The element of improvisation is what sets the Creative Arts Orchestra apart from other musical groups at SMTD. Improvisation involves a lack of musical guidance — no conductors, sheet music or organized practicing — in addition to the creative use of instruments, such as banging on stringed instruments or applying paper to piano strings for a crunch-like sound.

Each of the six musicians were free to play whatever they pleased, with no prior restrictions on what to play. That said, for some pieces there were certain “filters,” as SMTD professor Mark Kirschenmann called them, in place for the orchestra to fall in line with.

For one set, Kirschenmann informed the audience, “We will all play keyboard instruments, and we are all going to sing, other than that I have no idea what is going to happen.”

For another set, Weston Gilbert, the orchestra’s violinist, presented the orchestra with a brief sheet of music with certain chords and soloing sections for the individual musicians to follow. Outside of the framework of pitches for each musician to choose from, the rest of the set was all improvisational. In fact, I had a chance to take a look at the sheet of musical frameworks written by Gilbert. It was a sparse piece of music with only a few complex chords progressions. The final measure featured a single note for each musician to aim for as an end goal.

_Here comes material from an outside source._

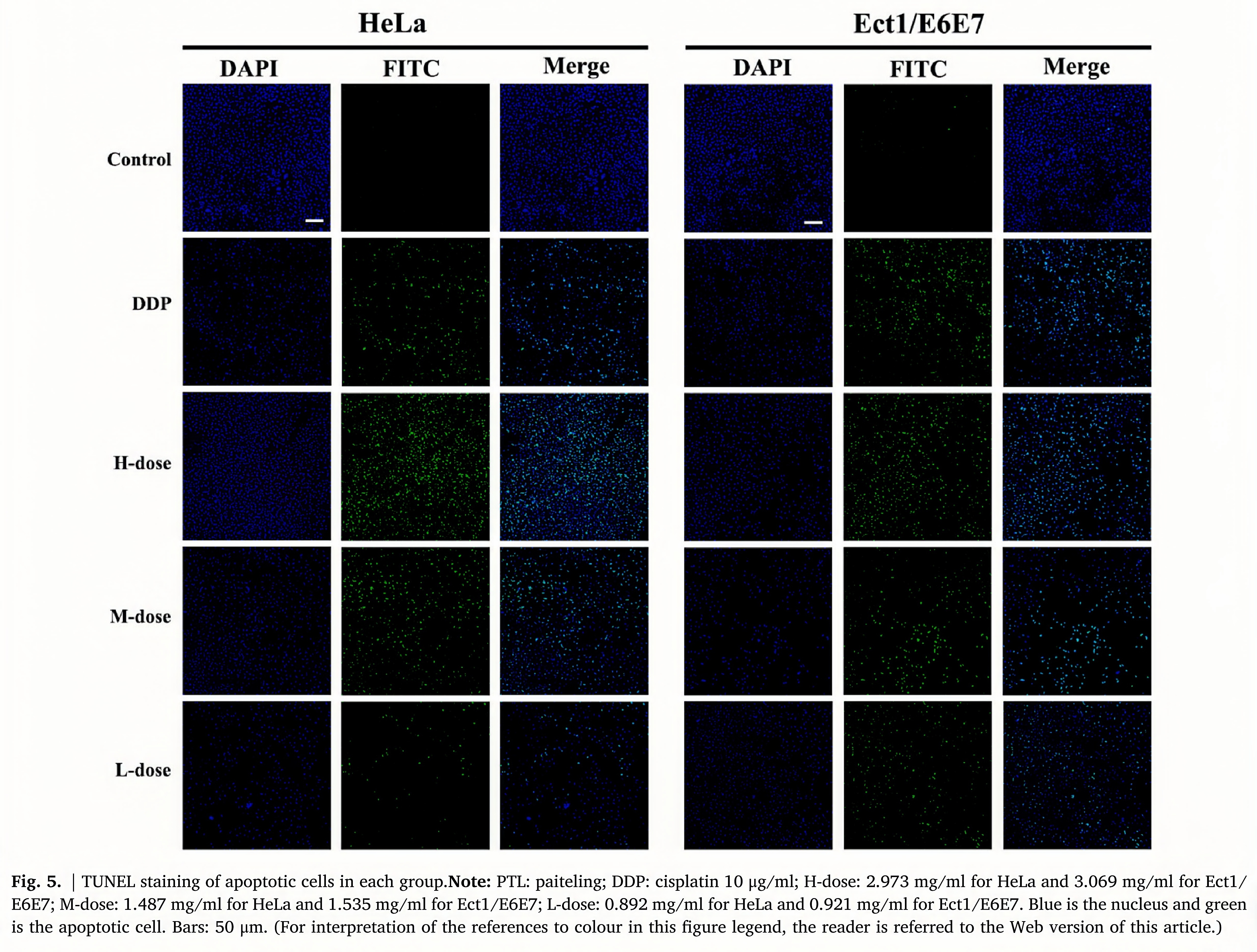 The results of TUNEL staining showed that Hela and Ect1/E6E7 in the control group had almost no apoptosis. Compared with the control group, the apoptotic tumor cells increased in the DDP group and PTL (H-, M-, or L-dose) group. And compared with the PTL L-dose group, then umber of apoptotic cells increased in the PTL H-dose group (Fig. 5).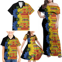 African Ethnic Kitenge Ankara Style Family Matching Off Shoulder Maxi Dress and Hawaiian Shirt

Outside of the musical framework, I was curious as to how each musician decided what to play and what noises to make. After the show, I spoke with Maya Johnson, an SMTD composition Master’s student, who was on the viola for the group.

“I pay attention to what is or is not being done,” Johnson said when asked how she decided what to play. “If everyone is playing long notes, I tend to do the opposite.” It is this sense of opposites attracting that I believe made the show so interesting. “I also have my bag of tricks … I’m the only viola, so a low C is never a bad move.” Johnson took into account the unique properties of her own instrument and used these properties to add a new dimension to the improvisational work.

The improvisation involved little harmonization and few instances of synchronized sound. However, the few moments of resolve were welcomed, like an oasis in a sea of musical confusion. I found that I wanted to keep listening in hopes of hearing such a satisfying resolve or a discernable melody.

In terms of the sounds themselves, much of the improvisation actually had repeating tropes. Much of the concert sounded very “L.A. Noire” or like “The Twilight Zone,” an eerie and unsettling soundtrack for a winter night. With a muted trumpet and a ringing vibraphone, I felt as though I was supposed to be solving a mystery.

I felt unsettled, discontented with the music being played and what I was hearing, which is perhaps the purpose behind this improvisational method. The dissonance and discomfort builds to a point of relief, when the sounds finally assemble and come to a close.